WHAT YOU WILL DO:
Copy word for word the lines in the records below, starting at the line with "in eFootball 2026." and ending at the line with "岡山支部代表のヨシコーチとの". Skip the pictures.

------ MATERIAL FOR THE TASK ------

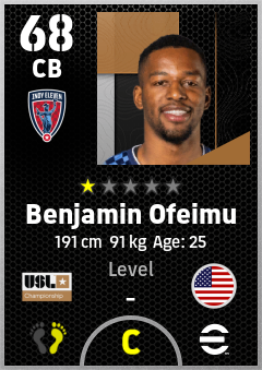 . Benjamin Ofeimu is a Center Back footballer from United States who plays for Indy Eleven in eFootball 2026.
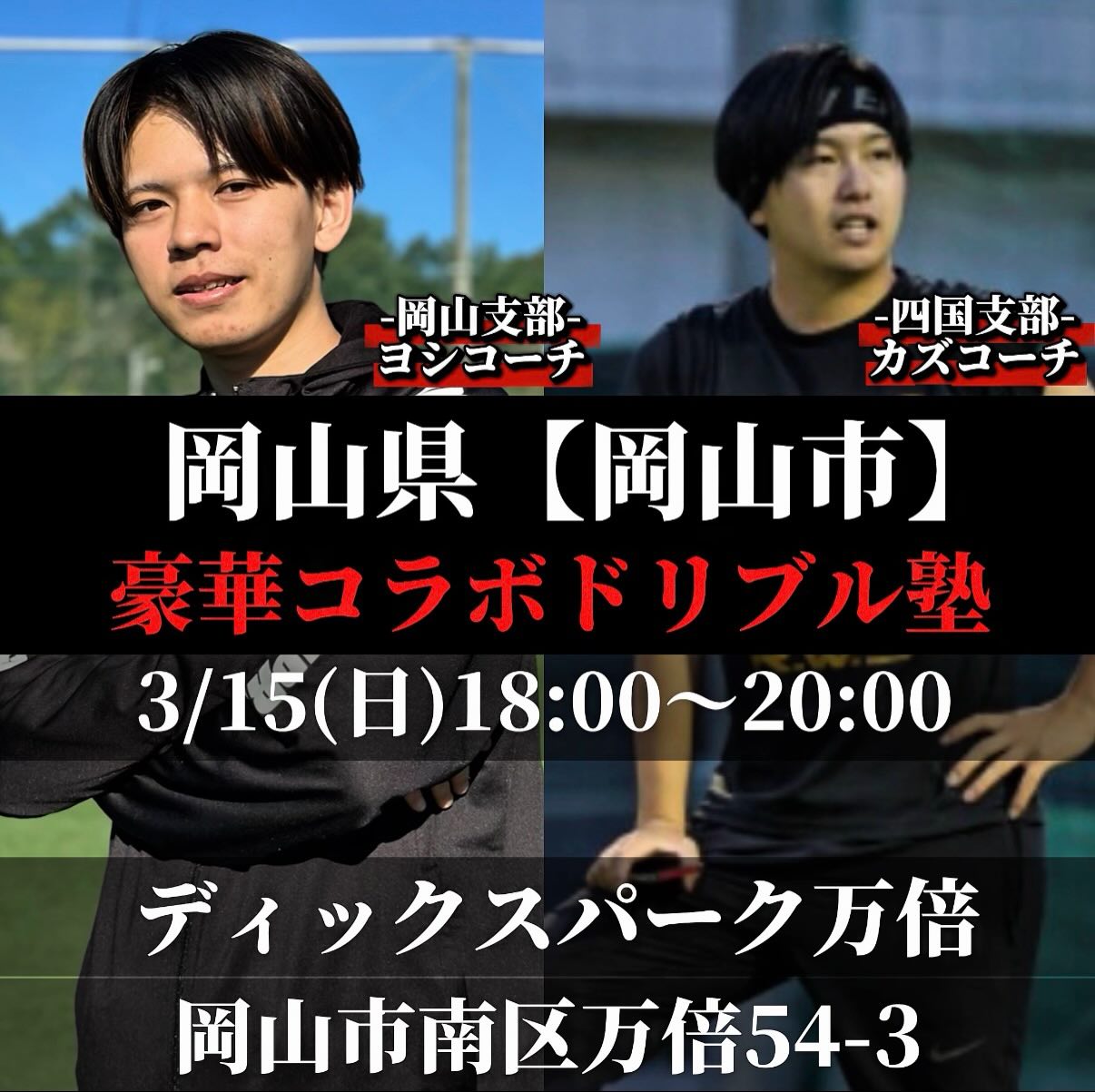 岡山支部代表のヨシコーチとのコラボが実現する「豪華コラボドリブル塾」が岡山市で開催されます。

------
------ MATERIAL FOR THE TASK ------

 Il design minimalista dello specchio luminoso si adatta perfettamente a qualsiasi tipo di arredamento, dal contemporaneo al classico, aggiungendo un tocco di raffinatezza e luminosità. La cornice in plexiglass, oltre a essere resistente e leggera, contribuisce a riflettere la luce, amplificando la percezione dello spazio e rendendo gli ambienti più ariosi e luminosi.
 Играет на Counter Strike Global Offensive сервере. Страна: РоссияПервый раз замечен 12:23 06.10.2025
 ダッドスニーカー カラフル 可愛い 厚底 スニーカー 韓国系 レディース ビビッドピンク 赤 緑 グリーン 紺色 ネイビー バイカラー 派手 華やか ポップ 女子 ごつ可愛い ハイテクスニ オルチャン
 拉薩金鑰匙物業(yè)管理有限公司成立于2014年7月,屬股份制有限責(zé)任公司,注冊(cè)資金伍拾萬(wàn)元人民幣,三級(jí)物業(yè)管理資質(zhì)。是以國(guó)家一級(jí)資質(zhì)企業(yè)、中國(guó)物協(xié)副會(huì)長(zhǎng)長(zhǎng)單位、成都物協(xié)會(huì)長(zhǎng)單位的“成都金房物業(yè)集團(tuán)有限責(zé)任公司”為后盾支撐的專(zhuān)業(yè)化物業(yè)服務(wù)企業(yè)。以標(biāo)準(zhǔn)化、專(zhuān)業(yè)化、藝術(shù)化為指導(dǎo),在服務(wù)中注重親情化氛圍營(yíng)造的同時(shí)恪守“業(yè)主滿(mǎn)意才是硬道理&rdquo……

------
------ MATERIAL FOR THE TASK ------

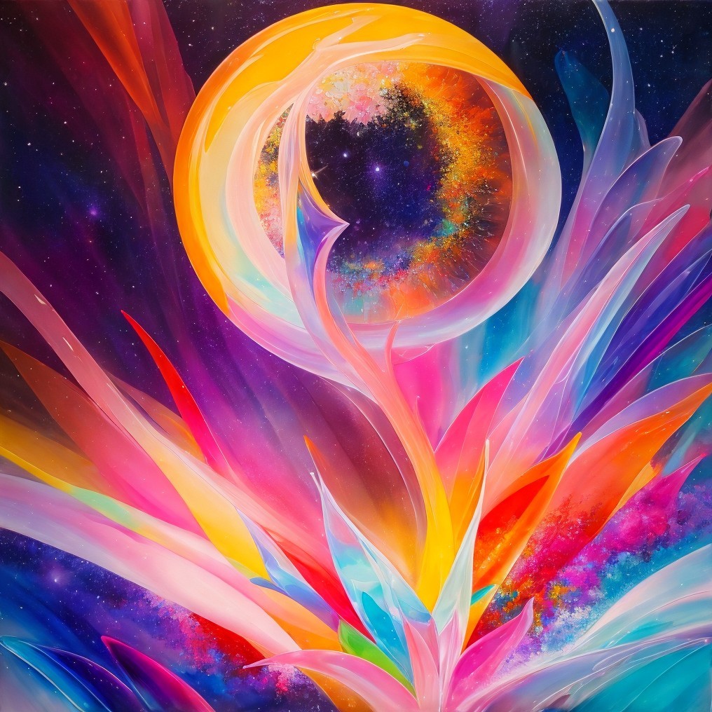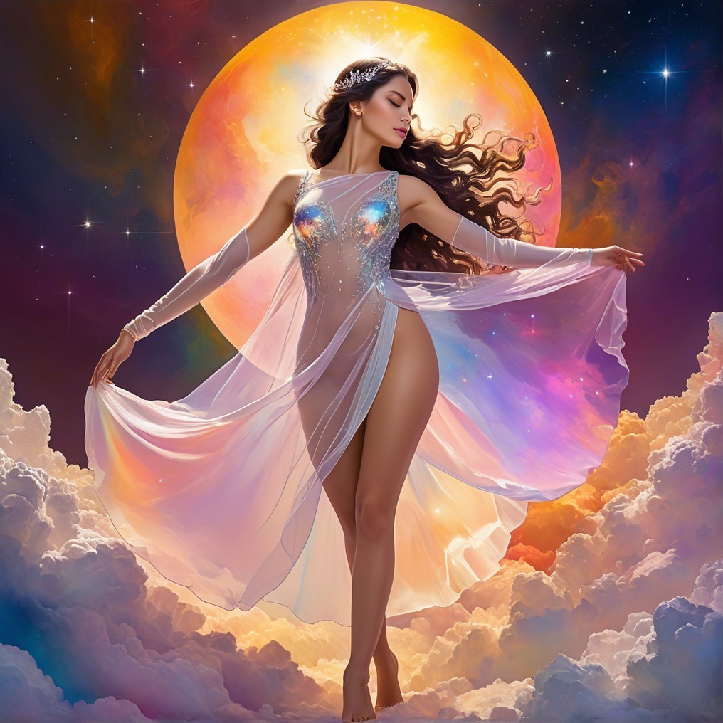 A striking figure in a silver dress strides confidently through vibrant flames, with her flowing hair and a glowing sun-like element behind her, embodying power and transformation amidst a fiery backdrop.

------

RESULT FOR THIS EXERCISE:
 . Benjamin Ofeimu is a Center Back footballer from United States who plays for Indy Eleven in eFootball 2026.
 岡山支部代表のヨシコーチとのコラボが実現する「豪華コラボドリブル塾」が岡山市で開催されます。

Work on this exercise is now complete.